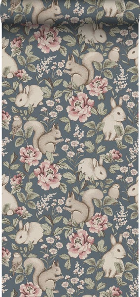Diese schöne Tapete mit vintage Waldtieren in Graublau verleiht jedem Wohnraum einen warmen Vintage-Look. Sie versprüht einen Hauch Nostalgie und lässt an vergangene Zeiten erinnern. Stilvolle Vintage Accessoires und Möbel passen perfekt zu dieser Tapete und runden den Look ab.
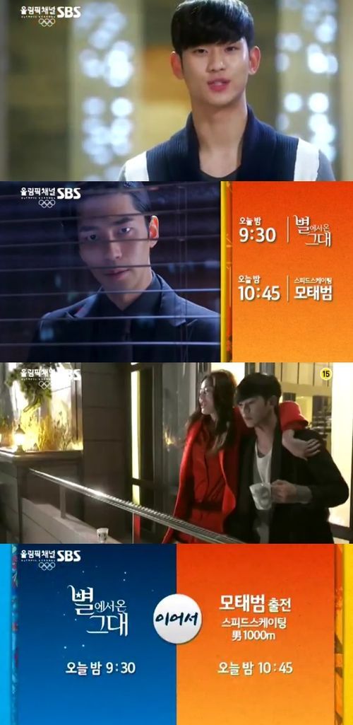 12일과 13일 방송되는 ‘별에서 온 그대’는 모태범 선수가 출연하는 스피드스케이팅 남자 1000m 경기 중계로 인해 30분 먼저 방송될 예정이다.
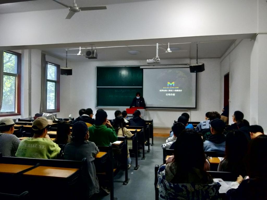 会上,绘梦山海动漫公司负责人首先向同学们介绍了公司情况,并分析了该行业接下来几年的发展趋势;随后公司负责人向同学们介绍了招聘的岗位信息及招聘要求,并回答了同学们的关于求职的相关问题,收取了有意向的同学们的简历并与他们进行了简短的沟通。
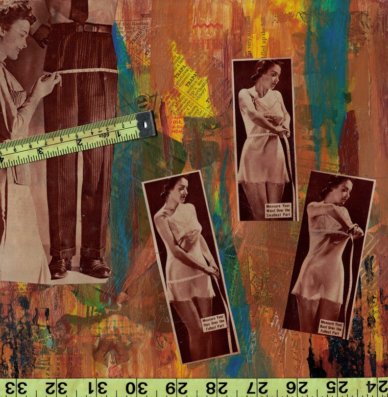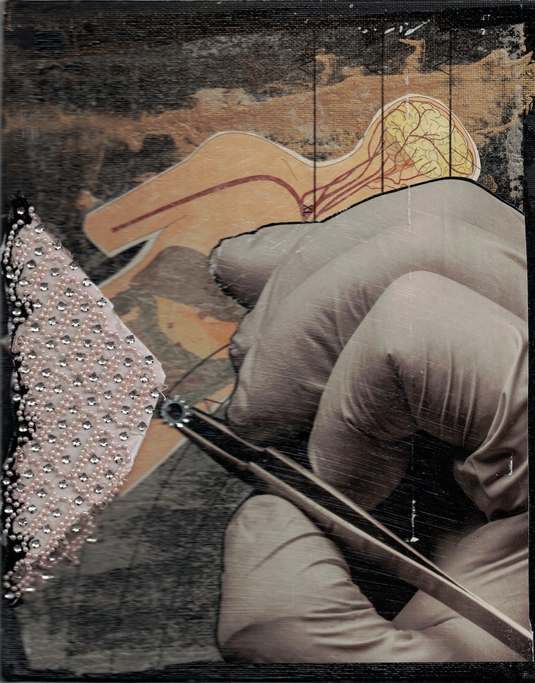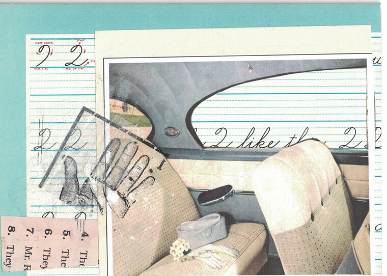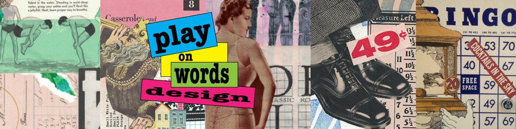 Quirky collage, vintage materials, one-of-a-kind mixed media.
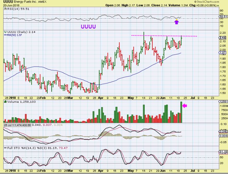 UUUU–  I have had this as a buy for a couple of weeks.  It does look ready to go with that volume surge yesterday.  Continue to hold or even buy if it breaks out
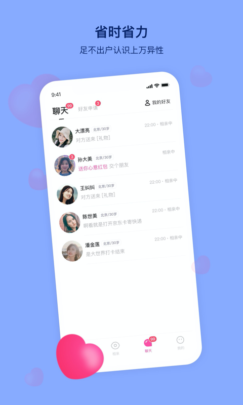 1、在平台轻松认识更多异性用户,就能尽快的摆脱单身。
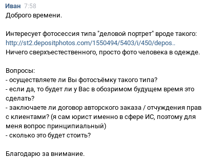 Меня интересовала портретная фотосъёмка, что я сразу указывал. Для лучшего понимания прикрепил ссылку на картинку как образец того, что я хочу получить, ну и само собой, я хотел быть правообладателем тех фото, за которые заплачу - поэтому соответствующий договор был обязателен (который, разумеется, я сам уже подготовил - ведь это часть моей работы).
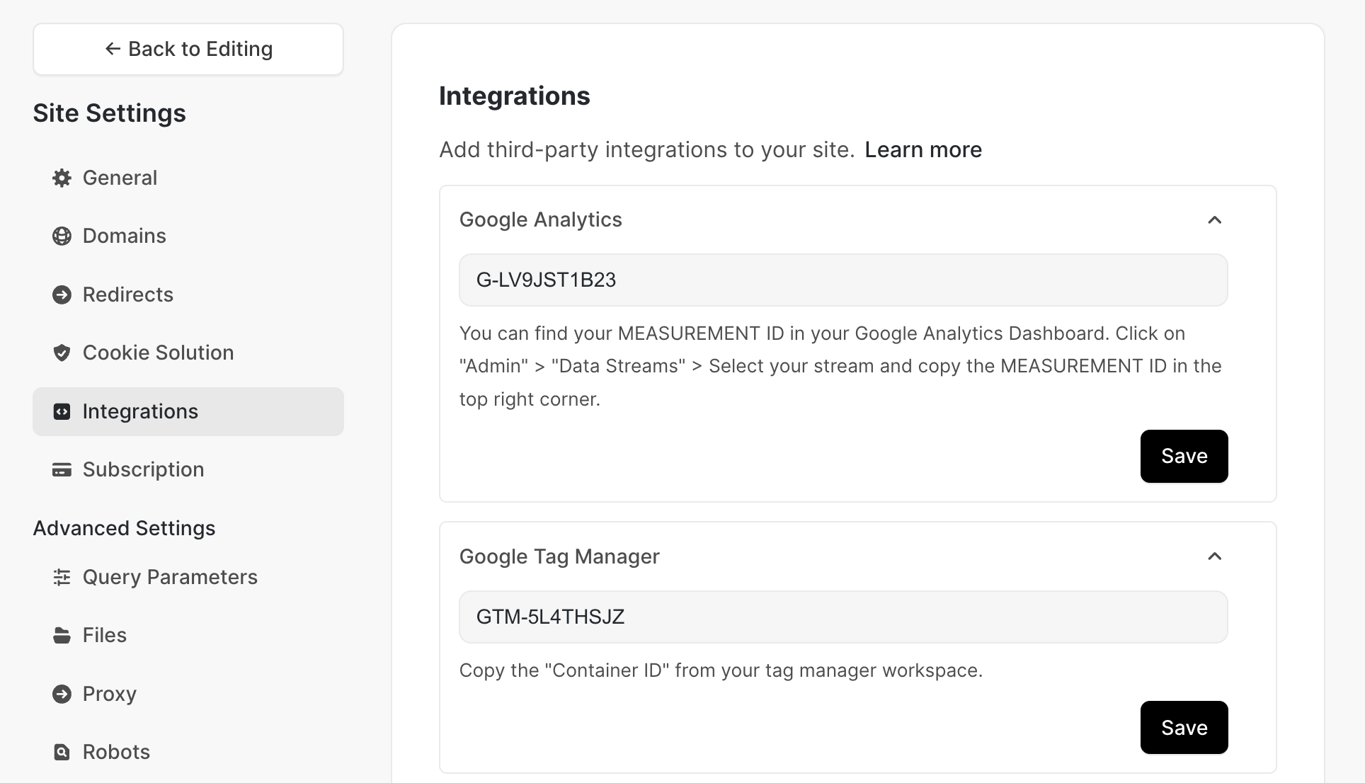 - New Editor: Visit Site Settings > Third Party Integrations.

» **Task to carry out**
Each line from the first line of the listing through the line with "1、在平台轻松认识更多异性用户,就能尽快的摆脱单身。" must be printed exactly, both ends included, and no picture may appear.

» **Answer for this exercise**
Diese schöne Tapete mit vintage Waldtieren in Graublau verleiht jedem Wohnraum einen warmen Vintage-Look. Sie versprüht einen Hauch Nostalgie und lässt an vergangene Zeiten erinnern. Stilvolle Vintage Accessoires und Möbel passen perfekt zu dieser Tapete und runden den Look ab.
 12일과 13일 방송되는 ‘별에서 온 그대’는 모태범 선수가 출연하는 스피드스케이팅 남자 1000m 경기 중계로 인해 30분 먼저 방송될 예정이다.
 会上,绘梦山海动漫公司负责人首先向同学们介绍了公司情况,并分析了该行业接下来几年的发展趋势;随后公司负责人向同学们介绍了招聘的岗位信息及招聘要求,并回答了同学们的关于求职的相关问题,收取了有意向的同学们的简历并与他们进行了简短的沟通。
 Quirky collage, vintage materials, one-of-a-kind mixed media.
 UUUU–  I have had this as a buy for a couple of weeks.  It does look ready to go with that volume surge yesterday.  Continue to hold or even buy if it breaks out
 1、在平台轻松认识更多异性用户,就能尽快的摆脱单身。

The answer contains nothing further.